In case you haven't noticed, television has gone to the hogs.
Yes, I said hogs. As in wild boars. All of a sudden, TV is lousy with 'em.
First, Roseanne Barr opens her new Lifetime reality show chasing the menacing critters around her macadamia nut farm in Hawaii. And now A&E follows suit with "American Hoggers," a real-life series about a family of boar trappers in Texas. The show's original premiere in August was postponed because of the intense heat wave that beset Texas this summer.
Before we dig any deeper, "Hoggers," premiering with two back-to-back episodes Wednesday, is not likely to find much favor among the PETA set, as it depicts the family of Jerry Campbell, 64, tracking, capturing and shooting wild hogs. Granted, these are not the cutest of critters - the hogs, I mean, not the Campbells.
The animals, which Jerry pronounces smarter than humans, are otherwise unstoppable as they destroy crops and grazing land and endanger livestock, pets and, potentially, children. With their wild eyes, powerful (and powerful ugly) mouths, these are some mean sombitches.
Although the boars are said to cause about $50 million in damage in Texas alone, and are about as far away from the movies' "Babe" as you can get, some viewers will still find it hard to watch as these grunting marauders are set upon by Jerry, his daughter, Krystal (a.k.a. Pistol), son, Robert (Hunter), and their team, get hog-tied and hauled away in the back of a pickup truck.
"Hog boss" Jerry is probably TV's most unlikely reality show star. Dressed in a dusty, battered cowboy hat, jeans and worn boots, he's like a cross between Billy Bob Thornton in "Sling Blade" (especially when he says the word "taters") and old-time character actor Gabby Hayes.
A&E graciously provides subtitles for ole marble-mouth Jerry, but only intermittently. The network seems to think you can understand him if you see his lips move, but since he has a beard as thick as an English hedgerow, good luck even seeing his mouth, much less seeing it move. When you can make him out, he's just filled to overflowing with homespun aphorisms, such as his declaration that he's "been hunting hogs since Moby Dick was a sardine."

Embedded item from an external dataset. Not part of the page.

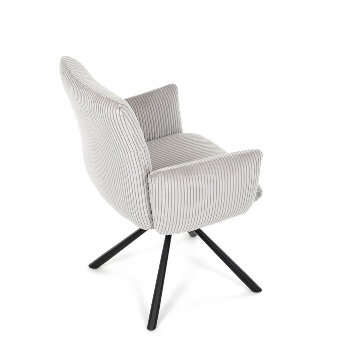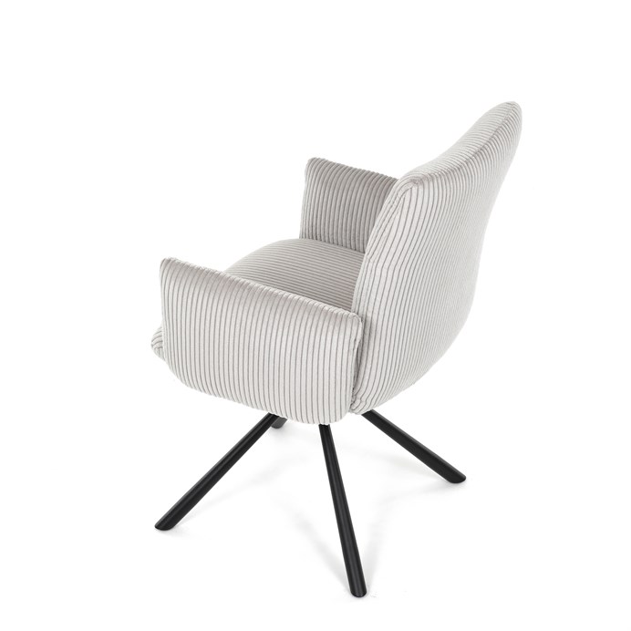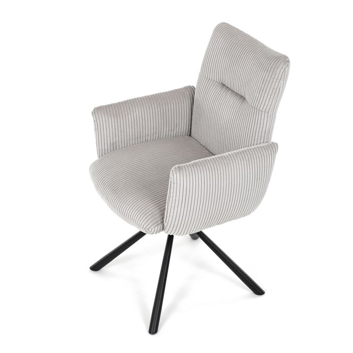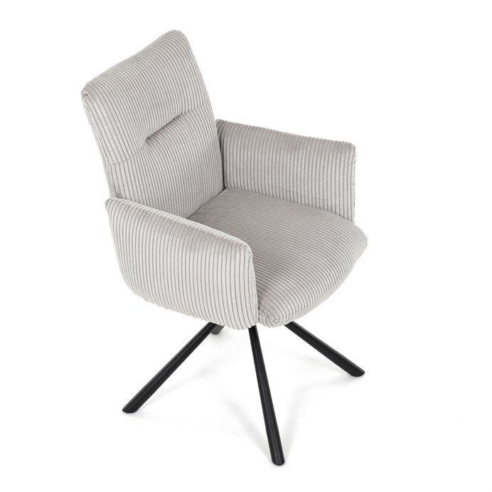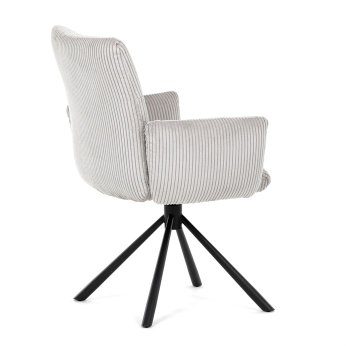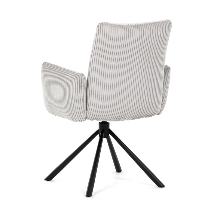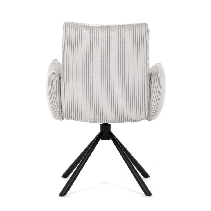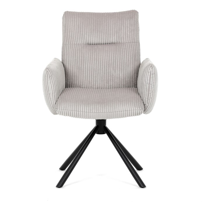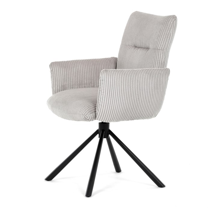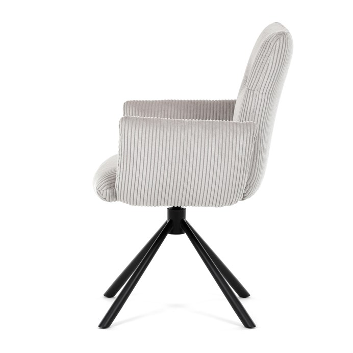 Jedálenská stolička DCH-D1332 CRM2 značky Autronic v krémovej manšestrovej látke spája elegantný dizajn s vysokým komfortom sedenia vďaka výraznému polstrovaniu sedáka, operadla a podrúčok. Poťah z jemnej manšestrovej látky zabezpečuje príjemný dotyk a vizuálne podčiarkuje nadčasový vzhľad stoličky. Konštrukcia nôh je vyrobená z čierne práškovo lakovaného kovu, ktorý poskytuje stabilitu a dlhodobú odolnosť proti opotrebeniu. Otočný 360° vratný mechanizmus umožňuje plynulý a tichý pohyb, čo zvyšuje ergonómiu a uľahčuje manipuláciu so stoličkou v jedálenskom priestore. Vyššie polstrovanie prispieva k pohodlnému sedení aj pri dlhšom používaní, zatiaľ čo pevné podrúčky podporujú správnu polohu paží a prispievajú k celkovej ergonómii. Vďaka kombinácii kvalitných materiálov a funkčných prvkov je stolička vhodná pre moderné jedálne aj reprezentatívne priestory s nosnosťou zodpovedajúcou bežnému domácemu používaniu.

The show's creators are hoping that the family dynamic between Jerry and his kids will hold our attention in addition to all that hog chasing. Jerry, of course, knows a thing or three about hogs after 50 years in the business. But Krystal-Pistol and Robert-Hunter want to modernize things a bit.
When a favorite hunting dog - old one-eyed Rooster - goes missing, Krystal is miffed because her father won't spend money on better tracking collars for the dogs. Despite the fact that Jerry almost considers Rooster a member of the family, he's set in his ways.
Chasing and catching boars may be all well and good, but is it enough to keep us coming back for more every week? Well, if people can watch people fight over storage bins and seeing their cars towed away in South Beach, anything is possible.